Removing strings from C source code [closed] - c

Closed. This question does not meet Stack Overflow guidelines. It is not currently accepting answers.
We don’t allow questions seeking recommendations for books, tools, software libraries, and more. You can edit the question so it can be answered with facts and citations.
Closed 7 years ago.
Improve this question
Can anyone point me to a program that strips off strings from C source code? Example
#include <stdio.h>
static const char *place = "world";
char * multiline_str = "one \
two \
three\n";
int main(int argc, char *argv[])
{
printf("Hello %s\n", place);
printf("The previous line says \"Hello %s\"\n", place);
return 0;
}
becomes
#include <stdio.h>
static const char *place = ;
char * multiline_str = ;
int main(int argc, char *argv[])
{
printf(, place);
printf(, place);
return 0;
}
What I am looking for is a program very much like stripcmt
only that I want to strip strings and not comments.
The reason that I am looking for an already developed program and not just some handy regular expression is
because when you start considering all corner cases (quotes within strings, multi-line strings etc)
things typically start to be (much) more complex than it first appears. And
there are limits on what REs can achieve, I suspect it is not possible for this task.
If you do think you have an extremely robust regular expression feel free to submit, but please no naive sed 's/"[^"]*"//g' like suggestions.
(No need for special handling of (possibly un-ended) strings within comments, those will be removed first)
Support for multi-line strings with embedded newlines is not important (not legal C), but strings spanning multiple lines ending with \ at the end must be supported.
This is almost the same as the some other questions, but I found no reference to any tools.

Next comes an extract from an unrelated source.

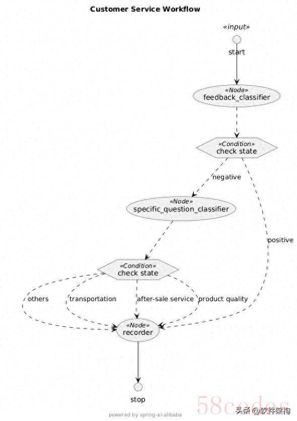 specific_question_classifier -> recorder:同样通过条件边,无论负面反馈被细分为何种类别(售后、运输、质量或其它),都汇流到 记录(recorder)节点进行统一处理;
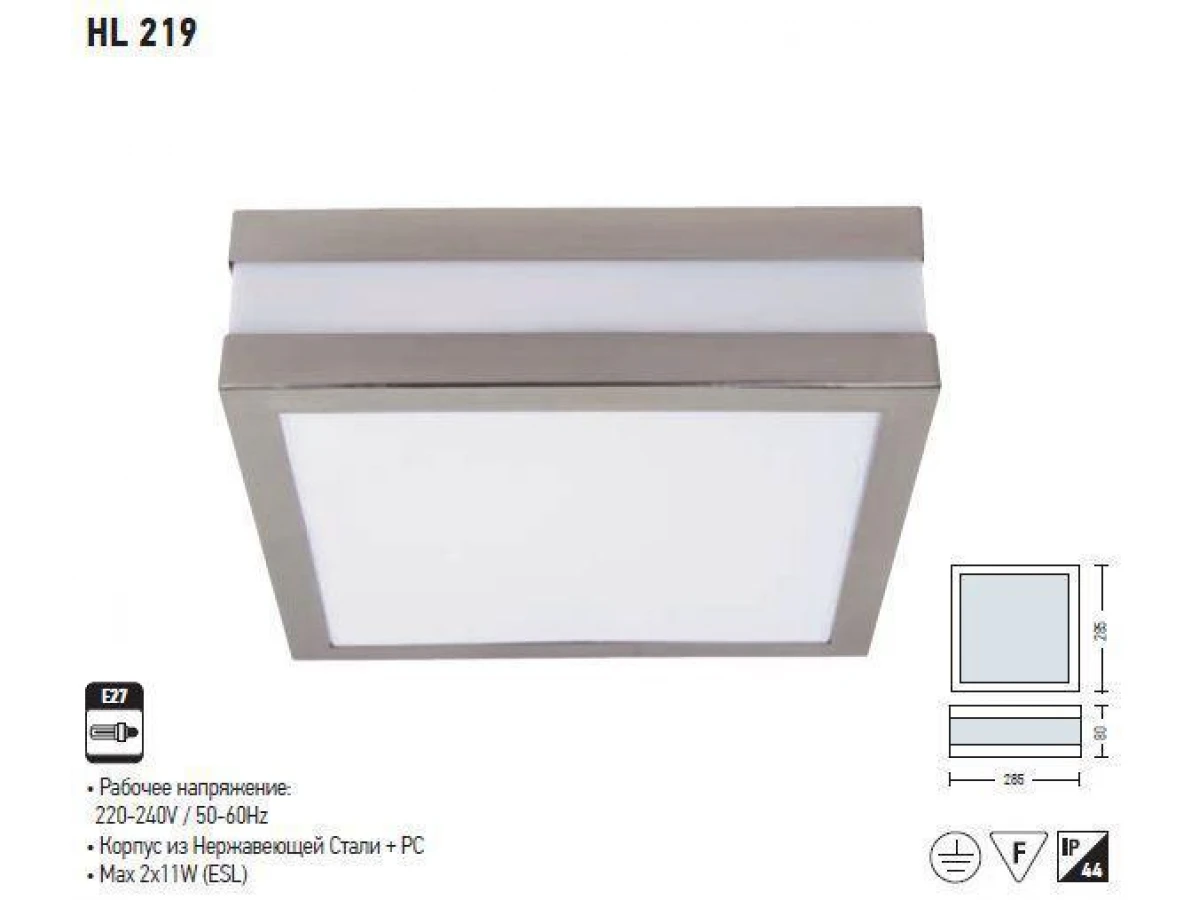 Садово-парковый светильник с артикулом HL219 имеет форму квадрата. Компания HOROS ELECTRIC недавно запустило их в продажу, но они уже пользуются большой популярностью. Цены на светильники от этого производителя умеренные, поэтому купить их может любой человек. Данный светильник имеет потребляемую мощность – 2х13Вт. Его высота совсем небольшая – 8см., а 28,5 мм – это его ширина.

All of the tokens in C (and most other programming languages) are "regular". That is, they can be matched by a regular expression.
A regular expression for C strings:
"([^"\\\n]|\\(['"?\\abfnrtv]|[0-7]{1,3}|x[0-9a-fA-F]+))*"
The regex isn't too hard to understand. Basically a string literal is a pair of double quotes surrounding a bunch of:
non-special (non-quote/backslash/newline) characters
escapes, which start with a backslash and then consist of one of:
a simple escape character
1 to 3 octal digits
x and 1 or more hex digits
This is based on sections 6.1.4 and 6.1.3.4 of the C89/C90 spec. If anything else crept in in C99, this won't catch that, but that shouldn't be hard to fix.
Here's a python script to filter a C source file removing string literals:
import re, sys
regex = re.compile(r'''"([^"\\\n]|\\(['"?\\abfnrtv]|[0-7]{1,3}|x[0-9a-fA-F]+))*"''')
for line in sys.stdin:
print regex.sub('', line.rstrip('\n'))
EDIT:
It occurred to me after I posted the above that while it is true that all C tokens are regular, by not tokenizing everything we've got an opportunity for trouble. In particular, if a double quote shows up in what should be another token we can be lead down the garden path. You mentioned that comments have already been stripped, so the only other thing we really need to worry about are character literals (though the approach Im going to use can be easily extended to handle comments as well). Here's a more robust script that handles character literals:
import re, sys
str_re = r'''"([^"\\\n]|\\(['"?\\abfnrtv]|[0-7]{1,3}|x[0-9a-fA-F]+))*"'''
chr_re = r"""'([^'\\\n]|\\(['"?\\abfnrtv]|[0-7]{1,3}|x[0-9a-fA-F]+))'"""
regex = re.compile('|'.join([str_re, chr_re]))
def repl(m):
m = m.group(0)
if m.startswith("'"):
return m
else:
return ''
for line in sys.stdin:
print regex.sub(repl, line.rstrip('\n'))
Essentially we're finding string and character literal token, and then leaving char literals alone but stripping out string literals. The char literal regex is very similar to the string literal one.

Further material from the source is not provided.